__Problem__
Restate the listing below word for word. No picture belongs in the result.

__Input data__
----

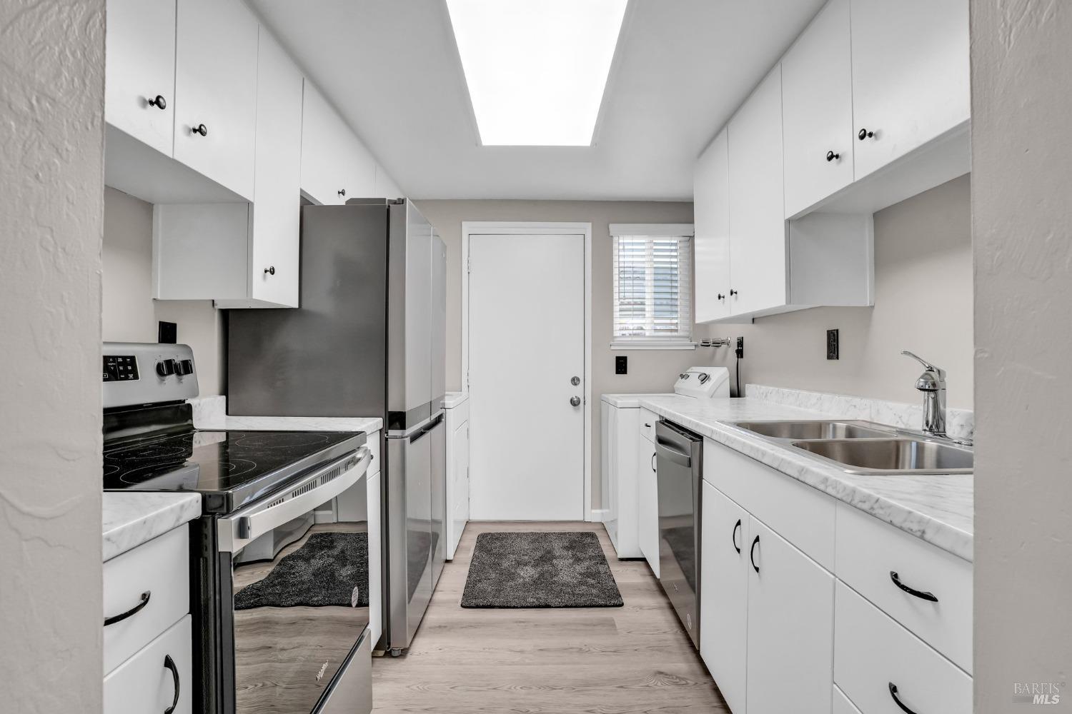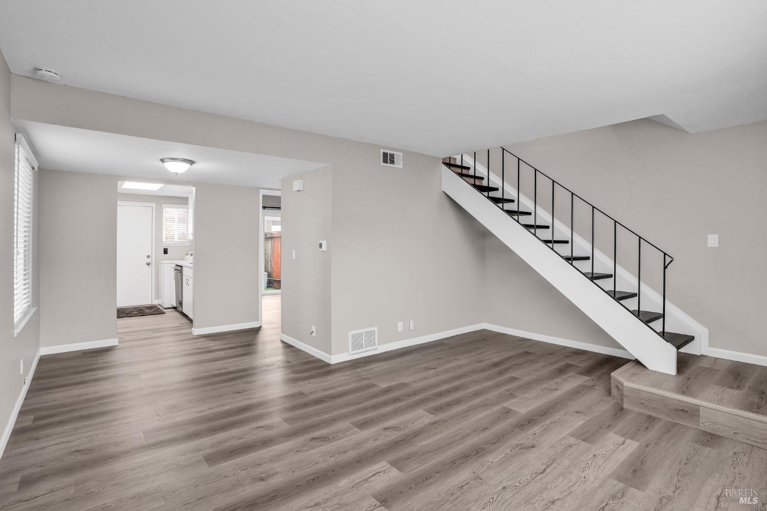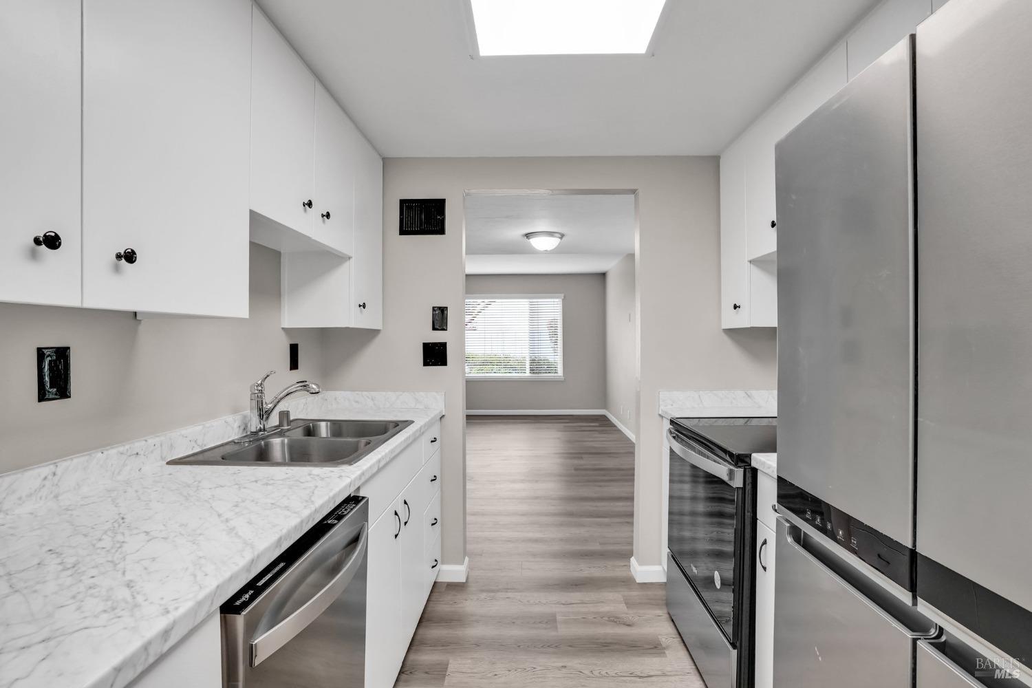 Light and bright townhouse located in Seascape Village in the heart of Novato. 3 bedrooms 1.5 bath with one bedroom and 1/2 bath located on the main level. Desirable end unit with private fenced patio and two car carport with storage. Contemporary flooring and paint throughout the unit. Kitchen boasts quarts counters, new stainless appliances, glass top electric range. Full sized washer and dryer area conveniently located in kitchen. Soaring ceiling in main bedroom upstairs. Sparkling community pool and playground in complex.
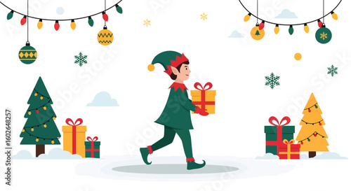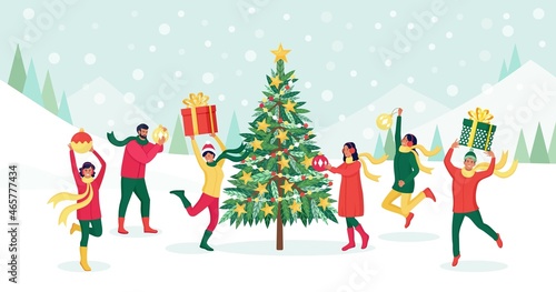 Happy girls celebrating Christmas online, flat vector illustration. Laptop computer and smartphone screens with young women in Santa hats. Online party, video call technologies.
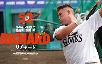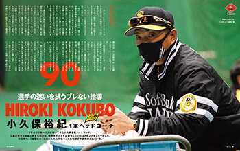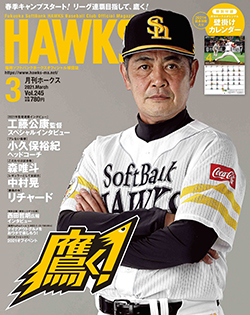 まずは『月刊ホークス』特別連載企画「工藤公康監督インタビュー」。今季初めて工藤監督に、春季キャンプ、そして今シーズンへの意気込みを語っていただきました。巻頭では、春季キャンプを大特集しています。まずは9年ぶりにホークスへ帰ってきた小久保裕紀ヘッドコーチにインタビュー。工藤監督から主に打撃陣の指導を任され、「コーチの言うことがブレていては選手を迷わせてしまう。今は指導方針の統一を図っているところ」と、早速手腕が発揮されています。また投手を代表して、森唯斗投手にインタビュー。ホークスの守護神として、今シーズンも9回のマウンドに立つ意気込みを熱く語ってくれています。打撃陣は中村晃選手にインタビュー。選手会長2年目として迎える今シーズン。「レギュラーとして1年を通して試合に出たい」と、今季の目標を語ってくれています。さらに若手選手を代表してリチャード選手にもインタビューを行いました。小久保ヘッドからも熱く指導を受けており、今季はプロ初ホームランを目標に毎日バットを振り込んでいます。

----

__Your solution__
 Light and bright townhouse located in Seascape Village in the heart of Novato. 3 bedrooms 1.5 bath with one bedroom and 1/2 bath located on the main level. Desirable end unit with private fenced patio and two car carport with storage. Contemporary flooring and paint throughout the unit. Kitchen boasts quarts counters, new stainless appliances, glass top electric range. Full sized washer and dryer area conveniently located in kitchen. Soaring ceiling in main bedroom upstairs. Sparkling community pool and playground in complex.
 Happy girls celebrating Christmas online, flat vector illustration. Laptop computer and smartphone screens with young women in Santa hats. Online party, video call technologies.
 まずは『月刊ホークス』特別連載企画「工藤公康監督インタビュー」。今季初めて工藤監督に、春季キャンプ、そして今シーズンへの意気込みを語っていただきました。巻頭では、春季キャンプを大特集しています。まずは9年ぶりにホークスへ帰ってきた小久保裕紀ヘッドコーチにインタビュー。工藤監督から主に打撃陣の指導を任され、「コーチの言うことがブレていては選手を迷わせてしまう。今は指導方針の統一を図っているところ」と、早速手腕が発揮されています。また投手を代表して、森唯斗投手にインタビュー。ホークスの守護神として、今シーズンも9回のマウンドに立つ意気込みを熱く語ってくれています。打撃陣は中村晃選手にインタビュー。選手会長2年目として迎える今シーズン。「レギュラーとして1年を通して試合に出たい」と、今季の目標を語ってくれています。さらに若手選手を代表してリチャード選手にもインタビューを行いました。小久保ヘッドからも熱く指導を受けており、今季はプロ初ホームランを目標に毎日バットを振り込んでいます。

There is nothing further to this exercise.